Alright, I think I have this down now. Would you mind looking it over?

 

[Mark44]

Your scanned image is hard to read. The bottom half is fairly clear, but the top half is pretty faint.

 

[QuarkCharmer]

Your scanned image is hard to read.
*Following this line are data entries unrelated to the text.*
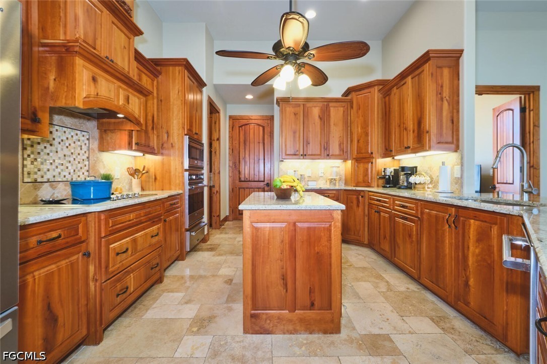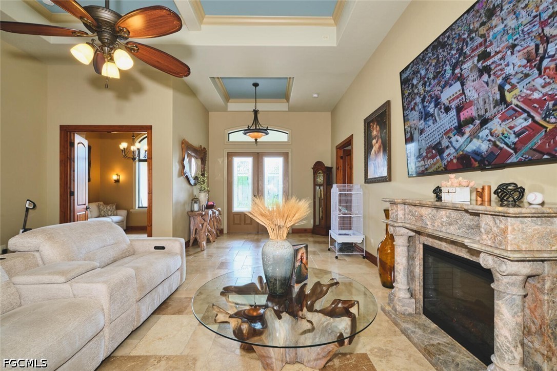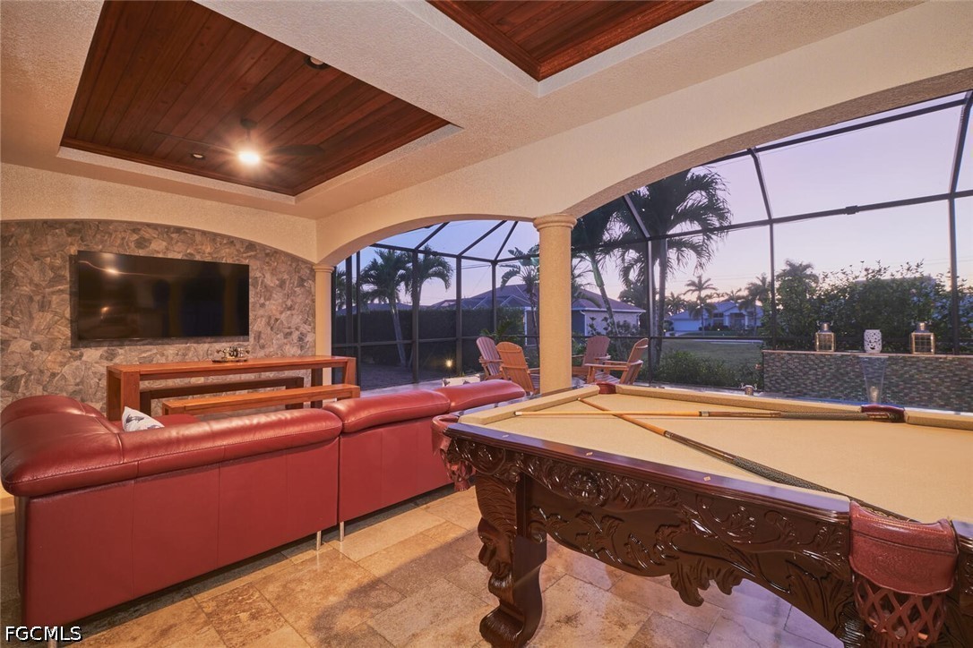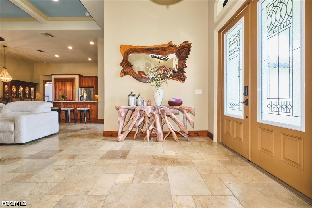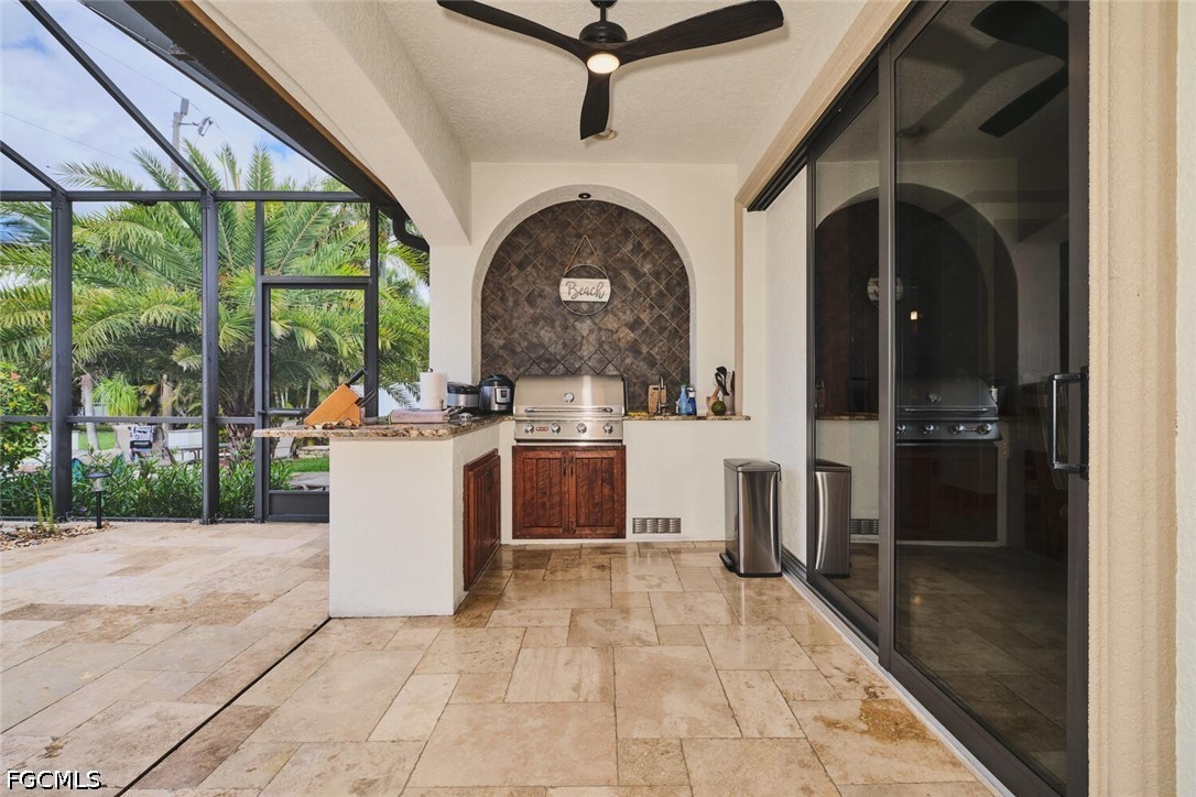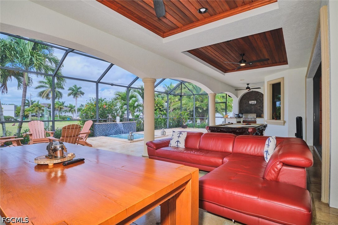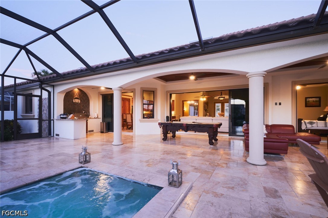 This is a DREAM HOME in one of the most sought-after locations, featuring a total built area of 4,350 square feet, constructed with luxury features, superior quality, and meticulous attention to detail. The home boasts 14-foot ceilings, foam insulation, 3 bedrooms plus a dedicated study, 2 bathrooms finished entirely in travertine, and an oversized garage with space for more than two cars and a separate tool room. This beautiful residence features upgraded cherry wood cabinetry with granite countertops, a high-end appliance package, and a spacious living area. Travertine flooring extends throughout the entire home, including the outdoor living spaces. The interior is adorned with crown molding and custom millwork throughout; the master suite includes a walk-in shower with direct access and a jetted soaking tub. Outdoor amenities include a large, heated Jacuzzi with a saltwater system, an oversized lanai, and a full outdoor kitchen. Additional features include a tile roof, an expansive paver driveway, and pocket sliding glass doors that recede completely into the walls to seamlessly blend indoor and outdoor living spaces. The home is equipped with impact-resistant windows and sliding doors; the pool enclosure screen was installed in 2026, and the air conditioning system was installed in 2022. The sale includes all home furnishings—valued at over $50,000—and the adjacent rear lot is also available for purchase, offering an excellent opportunity to expand your property and make your estate even more expansive. All municipal water and sewer assessments have been paid in full. Conveniently located near the Cape Harbour Marina, as well as local restaurants and shops!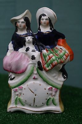 Title (ebay affiliate link): SUPERB MID 19thC STAFFORDSHIRE MALE & FEMALE FIGURINES WITH DOG & CLOCK c1860s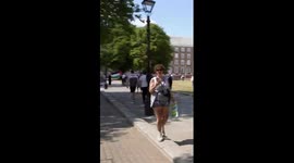 Footage taken in the Canning Town area shows a man standing on the towering crane from around 6am local time.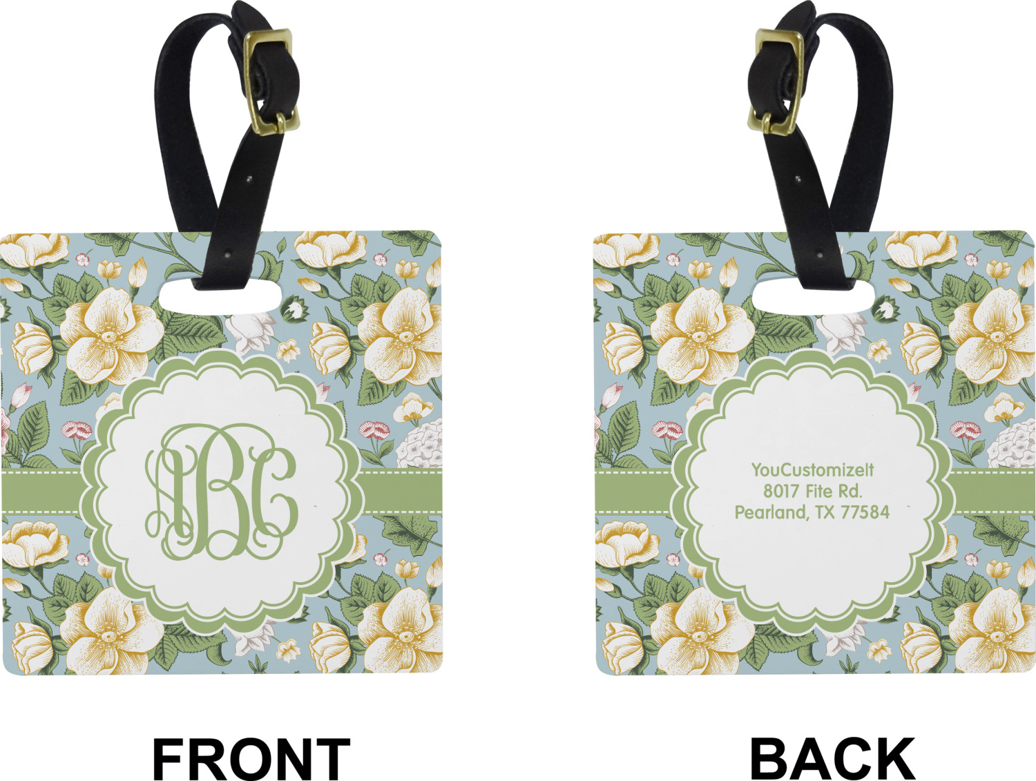 These personalized bag tags are sold in a variety of shapes, so that you may find the product that meets your vision exactly. We sell a round luggage tag, which measures at approximately 4" x 4". Our square luggage tag is about 3.5" x 3.5", while our rectangular version is 2.75" x 4 ".

The bottom half is fairly clear, but the top half is pretty faint.

Okay, I'll give this a shot:
Pretend there is a limit as h tends to 0 before all this:

$$\frac{d}{dx} tan(x) = sec^2(x)$$

$$\frac{tan(x+h)-tan(x)}{h} =$$

Here I just gave a common den. and used the tan ident.

$$\frac{\frac{tan(x)+tan(h)}{1-tan(x)tan(h)} - \frac{tan(x)(1-tan(x)tan(h))}{1-tan(x)tan(h)}}{h}$$

$$\frac{\frac{tan(h)+tan^2(x)tan(h)}{1-tan(x)tan(h)}}{h}$$

$$\frac{tan(h)(1+tan^2(x))(1)}{h(1-tan(x)tan(h))}$$

$$\frac{tan(h)}{h} \frac{sec^2(x)}{1-tan(x)tan(h)}$$

$$\frac{sec^2(x)}{1-0}$$

$$sec^2(x) = sec^2(x)$$

 

[Mark44]

Okay, I'll give this a shot:
Pretend there is a limit as h tends to 0 before all this:

I will also pretend that there is an equals between all of these equal expressions.

$$\frac{d}{dx} tan(x) = sec^2(x)$$

$$\frac{tan(x+h)-tan(x)}{h} =$$

Here I just gave a common den. and used the tan ident.

$$\frac{\frac{tan(x)+tan(h)}{1-tan(x)tan(h)} - \frac{tan(x)(1-tan(x)tan(h))}{1-tan(x)tan(h)}}{h}$$

$$\frac{\frac{tan(h)+tan^2(x)tan(h)}{1-tan(x)tan(h)}}{h}$$

$$\frac{tan(h)(1+tan^2(x))(1)}{h(1-tan(x)tan(h))}$$

$$\frac{tan(h)}{h} \frac{sec^2(x)}{1-tan(x)tan(h)}$$

$$\frac{sec^2(x)}{1-0}$$

$$sec^2(x) = sec^2(x)$$

Somewhere near the end you "passed to the limit" as they say, or took the limit.

$$= \lim_{h \to 0}\frac{tan(h)}{h} \frac{sec^2(x)}{1-tan(x)tan(h)}$$

$$= \lim_{h \to 0}\frac{tan(h)}{h} \lim_{h \to 0}\frac{sec^2(x)}{1-tan(x)tan(h)}$$

$$= 1 \cdot sec^2(x)$$

In the line above the last one, lim tan(h)/h = 1, and lim (sec^2(x))/(1 - tan(x)tan(h)) = sec^2(x), as h --> 0.

 

[QuarkCharmer]

Yeah, it wasn't really a "homework" assignment, nobody will read it. I was mostly curious myself more than anything. I really appreciate all of the help. Maybe one day someone will ask something that I can help with and I can repay.